Please note that such a parallel block will be more powerful than the select construct, because it enables you to add multiple tasks to be awaited from a loop.

The use of parallel blocks and spawn comes at a cost. All parameters passed in the spawn expression must be copied inside the spawned task. Please note that this matches precisely the behavior of spawn when it comes to sending computational tasks to a thread pool as well.

4.5) Introduce an underlying object representing the "parallel block" and create an accessor for it (e.g. a thisParallelBlock magic valid only inside the block). This object will feature operations such as addThreadJob, addAsyncIO, addOptionalAsyncIO. It's the equivalent to the nursery object described in the article linked in the abstract. Its goal is to enable the creation of helper libraries that perform something with the parallel block context.

parallel:
  addJobs(thisParallelBlock)

4.6) Define the exception-handling semantics inside parallel blocks - if an exception is thrown by a spawned task inside a parallel block, this exception will be re-raised in the thread that has entered the block. All other spawned tasks are cancelled.

5. Support async tasks in `spawn` outside of `parallel` blocks.

This is an escape hatch that will replace the current usages of asyncCheck and traceAsyncErrors. Semantically, it spawns a new "async thread" of execution. Just like when spawning a regular thread, all parameters passed to the spawn expression must be copied or moved in the new thread. The spawned function must annotated with raises: [Defect]. If it terminates with a Defect, the whole process is also terminated.

6. Migration path for the current `async`

A semi backwards-compatible async pragma can be added to serve as a drop-in replacement for the existing async pragma. It will differ in only one way. All started async operations will be added to a list that is awaited at the end of their scope. This is not strictly backwards-compatible, but most of the existing async code should not be affected by the change in semantics.

cheatfate commented 6 years ago

Both point 1 and point 2 can be replaced by primitive like this: https://docs.python.org/3/library/asyncio-task.html#asyncio.wait.
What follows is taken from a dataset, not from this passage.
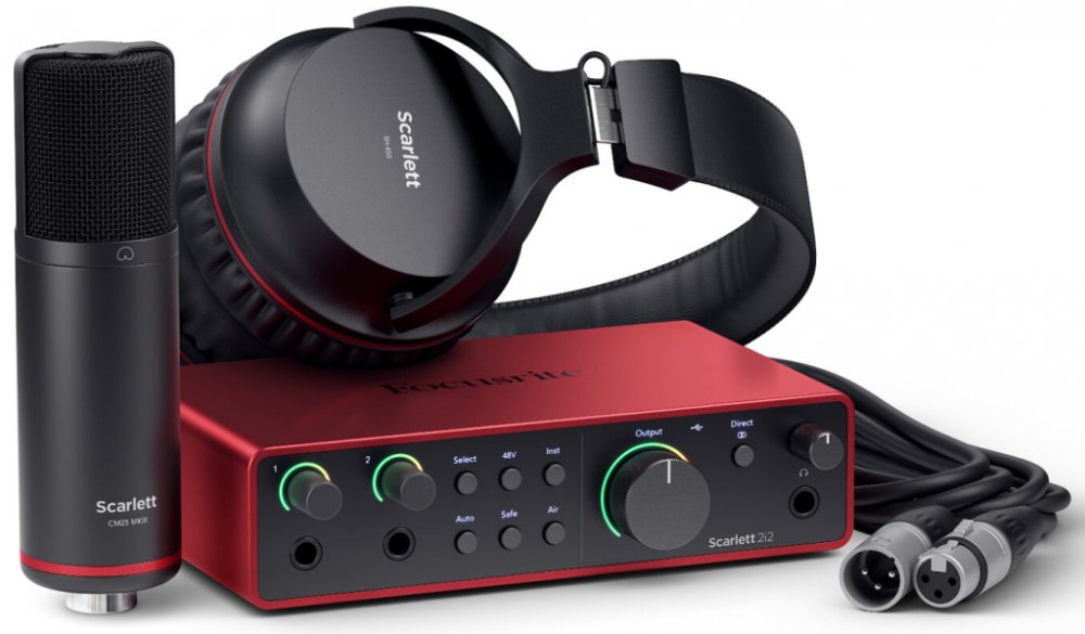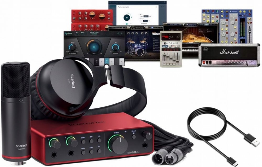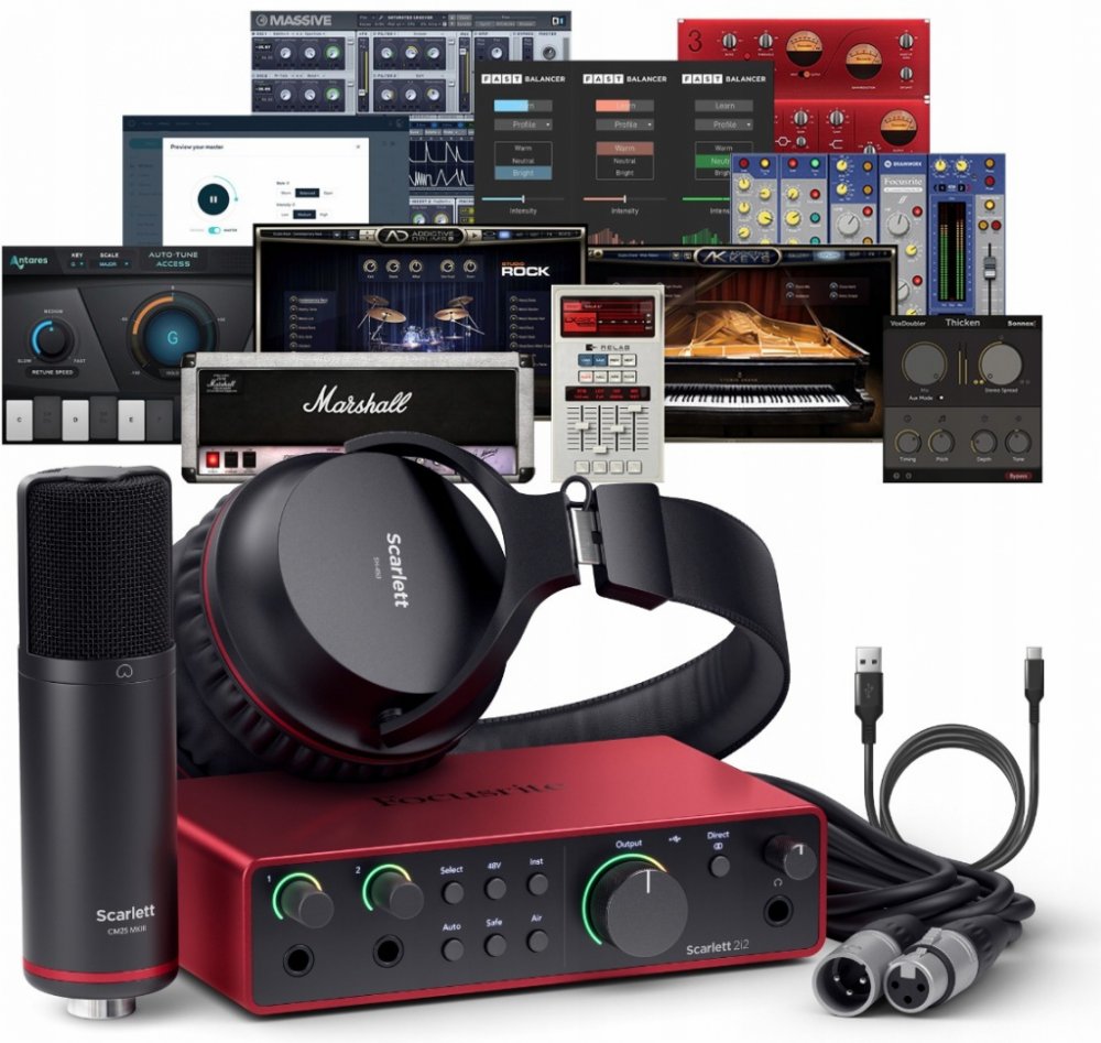 USB zvuková karta Focusrite Scarlett 2i2 Studio 4th Gen je kompletní záznamový balíček pro sólové hudebníky a producenty, který nabízeí výkonnou kombinaci audio rozhraní, mikrofonu a sluchátek. Čtvrtá generace Scarlett rozhraní přináší vylepšený zvuk a ovladače, což zajišťuje křišťálově čisté nahrávky bez latence. Součástí balíčku je kardioidní kondenzátorový mikrofon, ideální pro zpěváky a hudebníky, který zachytí každý detail s dokonalou čistotou. Přiložená uzavřená sluchátka pak poskytnou bohatý basový zvuk a izolaci, což je nezbytné jednak pro nahrávání, tak i pro monitoring nahrávky v reálném čase. Focusrite Scarlett se právem řadí mezi nejúspěšnější a nejprodávanější řadu audio rozhraní na světě. Již od první generace přináší skvělý zvuk a stabilní ovladače za velmi příznivou cenu a není tedy divu, že na zvukových kartách s charakteristickým šasi z červeného leštěného hliníku vyrostla celá nová generace producentů a nejedno domácí či nízkorozpočtové studio. Během více než dekády vývoje se tak zvukovky Scarlett staly synonymem pro nejvyšší kvalitu v rámci nižší i střední třídy a jsou skvělou vstupní branou pro kvalitní nahrávání. Jaká je tedy čtvrtá generace Focusrite Scarlett? Samozřejmě, že nejlepší! V poslední revizi řady Scarlett došlo k mnoha významným vylepšením, a to především po zvukové stránce. Nové převodníky s topologií RedNet přináší do řady Scarlett špičkovou konverzi s rozlišením 24 bit a podporu nejvyšší samplovací frekvence 192 kHz, čímž je dosaženo dynamického rozsahu 120 dB. Inovace se dočkal i sluchátkový výstup, který na Scarlett niky nezněl lépe. Inovované mikrofonní předzesilovače poskytnou až 69 dB čistého zesílení, takže patřičně vybudíte i nejnáročnější dynamické či páskové mikrofony bez nutnosti externího preampu. Přepracovaná oblíbená funkce Air přináší střípek zvuku ikonických mixpultů Studio Console s režimem Presence, který zesiluje vysoké frekvence vašeho signálu, ideální pro vytváření intimních vokálních nahrávek, zachycení každého drobného detailu akustické kytary a třpytivých bicích overheadů. Nový obvod Harmonic Drive pro změnu cílí na posílení harmonických frekvencí středního pásma, což je skvělé třeba pro elektrické kytary. Funkce Auto Gain, Clip Safe a Dynamic Halo vám pomohou se správným nastavení předzesilovače. Dynamic Halo je jednoduchým řešením, jak indikovat přebuzení signálu. Pokud je podsvícení červené, snižte gain tak, aby barva byla zelená. U většiny modelů (kromě Scarlett Solo a Solo Studio) můžete využít tlačítka Auto pro automatické nastavení zisku, stačí jen zazpívat pár frází nebo zahrát na nástroj a jste připraveni na nahrávání. V kombinaci s aktivovanou funkcí Safe se vám prostě nemůže stát, že by záznam na vstupu byl přebuzený. Nechybí virtuální mixážní konzole Focusrite Control 2 díky které nastavíte zisk přímo z prostředí vašeho počítače nebo využijete nastavení šikovné funkce Loopback. Ke každému audio rozhraní Scarlett dostanete DAW Ableton Live Lite a Avid Complete Plugin Bundle, Melodyne Essential pro doladění a editaci vokálů, nástrojů nebo bicích, Softube Flow Guitar Essential obsahující kolekci dvou aparátů, tří efektů a kytarových signálových řetězců, Addictive Drums, Relab Reverb a samozřejmě porci kvalitních pluginů přímo od Focusrite. Všem uživatelům je dostupná časově neomezená licence špičkového DAW Pro Tools Intro+. Focusrite Scarlett 2i2 4th Generation je dvoukanálové USB-C audio rozhraní, které nabízí dva mikrofonní předzesilovače nebo dva vstupy pro linkové a nástrojové signály, jeden stereo výstup pro připojení poslechových monitorů a jeden sluchátkový výstup.

From my experience, there no need on

var (a, b, c) = await(afut, bfut, cfut)

because it used very rare in real world, most of the time you filling array of tasks and waiting for any of them or for all of them. Also you will not find many lines of code which uses and or or constructions.

zah commented 6 years ago

The dynamic interface in Python allows for working with heterogeneous result types, while in Nim you have to resort to having named Future variables from which the results can be extracted (losing the "structured control-flow" aspect of the design).

The key difference in the new proposal is that the result variables have their proper type in all places and the explicit use of futures is hidden.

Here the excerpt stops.